Alessia Prekop is one to watch. Don’t just take our word for it; take the fact that her designs have waltzed the runways of London and New York Fashion Week a mere year after her label’s launch.
Alessia’s signature style could be described as sculptural minimalism; an architectural portrayal of the modern woman who is powerful, daring, with a wardrobe full of elegance. As for Alessia’s Autumn Winter collection, it seems to have embodied all contrasts imaginable. Conservative staple pieces with striking silhouettes, fluffy mohair paired with lustrous leather, and geometric colour blocks ranging from bold scarlet red to mellow powder blue.
It’s this unique grasp of contrast that makes each piece recognisably distinctive, and could be considered a mirror of Alessia’s own life. Her Italian background and London abode simultaneously influence every seam of every creation. But you can find more about that below, where she tells Schön! all about her influences, personal style, and her favourite piece from the collection.
You were noted as ‘One to Watch’ during your label’s first London Fashion Week back in September. How does the recognition surrounding your brand feel?
Initially it was quite overwhelming. I always criticise my work and I can sometimes be my own worst enemy, but to hear someone praise the collection for its innovation makes all the hard work and sleepless nights worth it.
Alessia Prekop launched two years after you graduated from Istituto Marangoni here in London. What pushed you to start your own label?
The freedom to develop new ideas, experiment with fabrics and dress the creative; audacious women justified my desire to launch my line.

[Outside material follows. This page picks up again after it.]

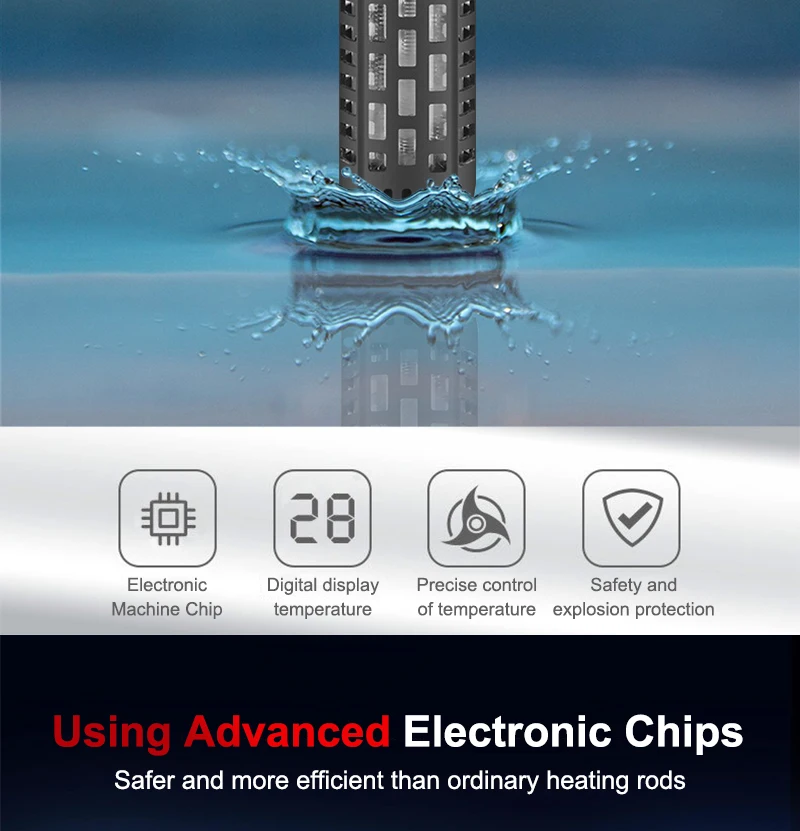 4. С дисплеем температуры, с температурным зондом в нижней части нагревательного стержня, точный контроль температуры.

Of all the cities in the World, what attracted you to London?
While I was living in Italy, my visits to London always left a great impression because of the eccentricity of the people that wandered its streets. Their fearless attitude represented a freedom of thinking; I knew I had to be a part of. As a designer, the city’s rough, rebellious energy unconsciously provides a plethora of ideas that feed into my work. After all, London street style is class and edge at its best!
London and Italian style are quite different. Where do you think the two meet?
It’s all about two different feelings: London is the melancholy while Italy is the optimism. Somehow, the two meet in an underlying darkness and edge.
Italian style in particular is known for its sensual femininity. Do you feel your designs rebel or stay true to that image?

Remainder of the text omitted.